Faithfulness

Overview

The Faithfulness evaluator is a specialized hallucination-detection metric that determines whether an LLM’s response is grounded in and faithful to the provided context. It detects when responses contain information that is not supported by or contradicts the reference context.

When to Use

Use the Faithfulness evaluator when you need to:

Validate RAG (Retrieval-Augmented Generation) outputs - Ensure answers are based on retrieved documents or search results
Detect hallucinations in grounded responses - Identify when the LLM makes up information not present in the context
Evaluate Q&A systems over private data - Verify responses only contain information from your knowledge base

This evaluator is specifically designed for grounded responses where context is provided. It is not designed to validate general world knowledge or facts the LLM learned during training.

Supported Levels

The level of an evaluator determines the scope of the evaluation in OpenTelemetry terms. Some evaluations are applicable to individual spans, some to full traces or sessions, and some are applicable at multiple levels.

Level	Supported	Notes
Span	Yes	Best for LLM spans with RAG context. Apply to spans where `input`, `output`, and retrieved `context` are available.

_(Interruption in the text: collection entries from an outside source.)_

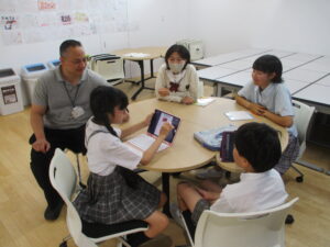 今年度から小中連携を一層推進するため、中高の英語科教員が小学校へ授業に行っています。
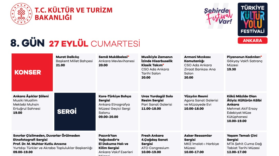 Türkiye Kültür Yolu Festivali, sekizinci gününde de Ankara’yı kültür ve sanatın merkezi haline getirdi. 27 Eylül Cumartesi günü Başkent’in dört bir yanında konser, tiyatro, sergi, atölye ve özel etkinlikler Ankaralılarla buluştu.
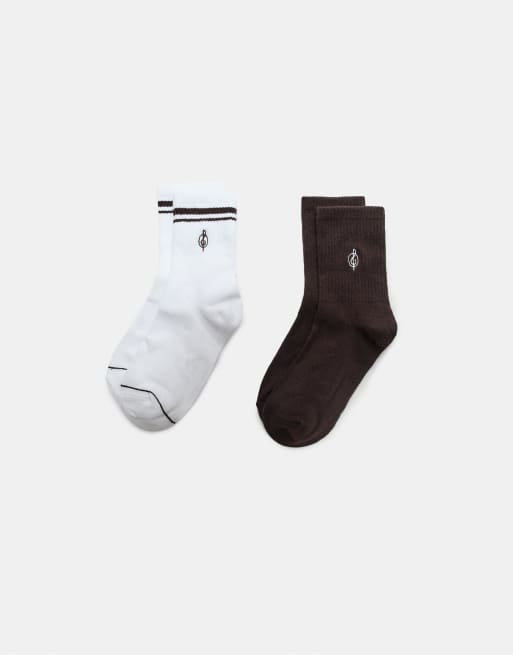 Stradivarius - Lot de 2 paires de chaussettes à rayures et broderie - Marron
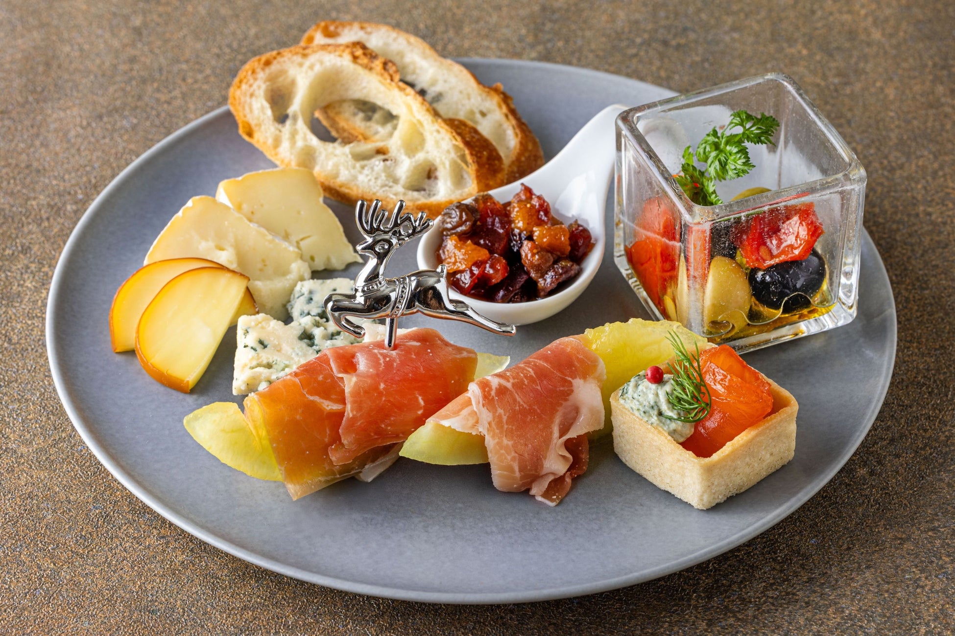 ・ハモンセラーノとメロンのピンチョス・チーズの盛合せ ドライフルーツのコンポート
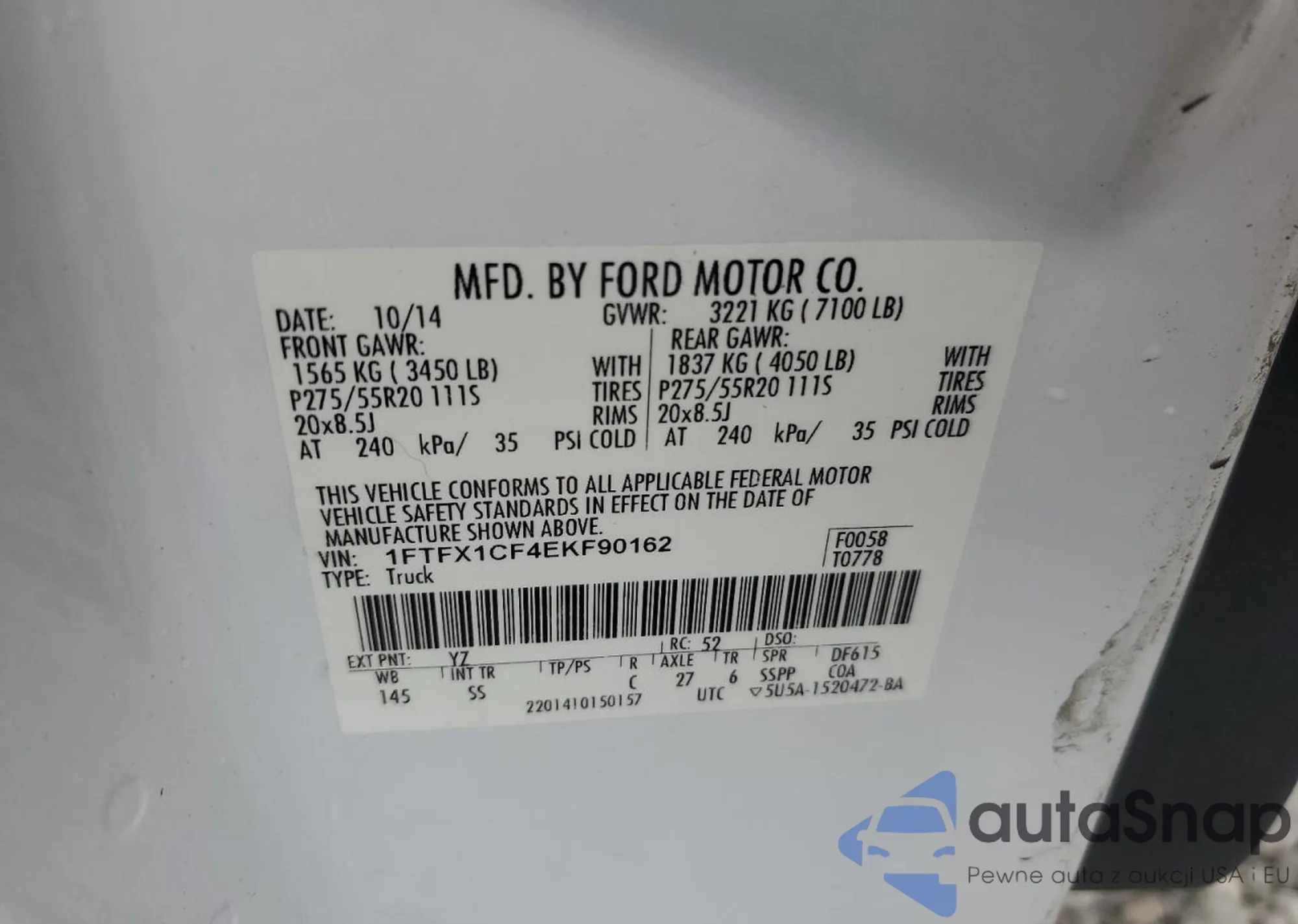 LOT: 81745225 VIN: 1FTFX1CF4EKF90162
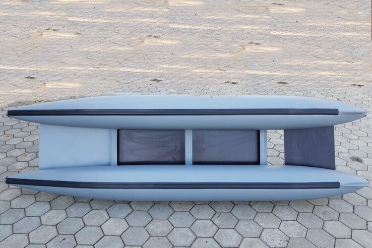 Catamaran construction made of German PVC fabric, density 750, length 270 cm and width 90 cm: cylinders, 32 cm in diameter, platform with hard flooring with non-slip surface (125 cm by 62 cm), two luggage seats with rubber fasteners (front and rear ), Floor decks, 2 transverse frames, 4 handles, paddle holders, cylinder protection from below and stabilizers of the roadside stability in the rear. Coming SUP-KAT is very simple in a few minutes, has a carrying capacity of 200 kg, weighs only 13 kg and is placed in a folded state in a small bag-backpack.
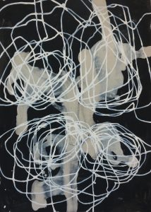 I created paints from mud-stones and rocks collected along the Somerset Coast. Making videos of rocks, studying geological slides, drawing with seagull feathers, sieving, pouring and draining mud; all jostled together in the process of creating these unpredictable and fluid paintings.

Relevant span kinds: LLM spans, particularly those in RAG pipelines where documents are retrieved and used as context.

Input Requirements

The Faithfulness evaluator requires three inputs:

Field	Type	Description
`input`	`string`	The user’s query or question
`output`	`string`	The LLM’s response to evaluate
`context`	`string`	The reference context or retrieved documents

Formatting Tips

For best results:

Use human-readable strings rather than raw JSON for all inputs

For multi-turn conversations, format the input as a readable conversation:

User: What is the refund policy?
Assistant: You can request a refund within 30 days.
User: How do I request one?

For multiple retrieved documents, concatenate them with clear separators (see Input Mapping example below):

Our return policy allows returns within 30 days of purchase.

Refunds are processed within 5 business days.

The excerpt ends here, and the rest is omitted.